SIMULATED INFLUENCE OF ALTITUDE ON PHOTOSYNTHETIC CO2 UPTAKE POTENTIAL IN PLANTS

A simulation of the quantitative influence of altitude on photosynthetic CO2 uptake capability (A(P)) included the effects of predicted changes (1) in air temperature (lapse rate) and (2) leaf temperature, (3) ambient pressure and CO2 concentration, and (4) the diffusion coefficient for CO2 in air. When a dry lapse rate (0.01-degrees-C m-1) in air temperature was simulated, significant declines (up to 14%) in A(P) were predicted from sea level to 4km altitude. A moist lapse rate of 0.003-degrees-C m-1 resulted in less than a 4% decrease in A(P) over the same altitude range. When natural leaf temperatures (predicted from heat balance analyses) were simulated, A(P) was significantly greater (almost-equal-to 20%) than when leaf temperatures were considered equal to air temperature for all lapse conditions.
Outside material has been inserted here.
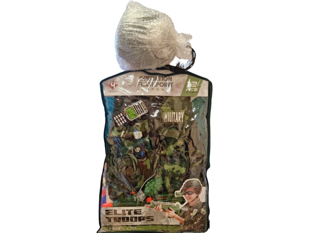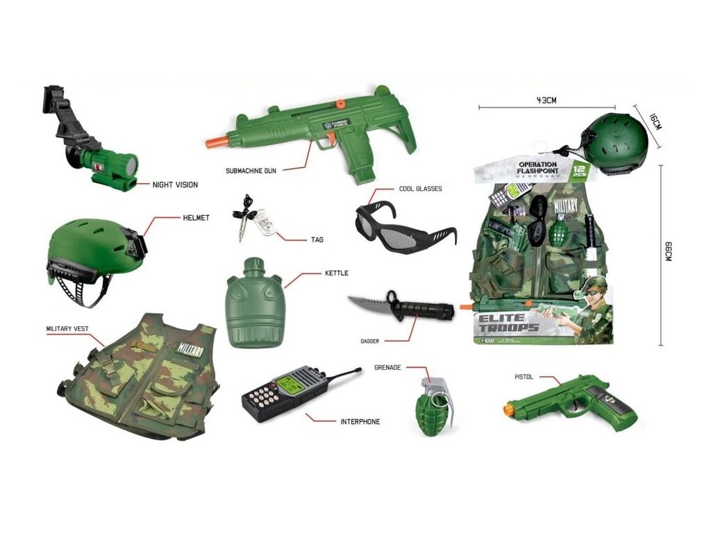 Vojenská sada s prilbouSada pre vojakov: uniforma, helma, svietidlo s ďalekohľadom na helmu, samopal, pištoľ, nôž, granát, okuliare, vysielačka, odznak a fľaša. Vhodné ako kostým vojaka na karnevalOdporúčaný vek 3+
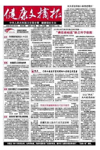 《健康文摘报》是中华人民共和国卫生部主管、健康报社主办的全国第一张以传播健康知识为主要内容的文摘类报纸。荟萃了国内外最新医学科研信息和医学科普知识,内容丰富、通俗易懂、科学权威,深受各阶层读者,特别是中老年读者和患者的喜爱。被评为“全国百家优秀报刊”、“文摘十佳”报纸,被国家邮政集团总公司列为2008年全国畅销报刊及2009年度中国邮政发行的重点品种。《健康文摘报》每周两期(周三、六出版),每期八版。辟有《健康新闻》、《家庭医学》、《用药指南》、《益寿之道》、《海外资讯》、《心灵驿站》、《性与婚恋》等16个专栏。

There was virtually no change in A(P) with altitude when predicted leaf temperatures and moist lapse conditions were simulated. There was a significant (almost-equal-to 10%) increase in A(P) with altitude when leaf temperature was held constant at 30-degrees-C (regardless of altitude) under moist lapse conditions. Future studies evaluating the effects of elevation on photosynthesis could benefit from the above considerations of the effects of natural leaf temperature regimes and prevailing lapse conditions on CO2 uptake potential.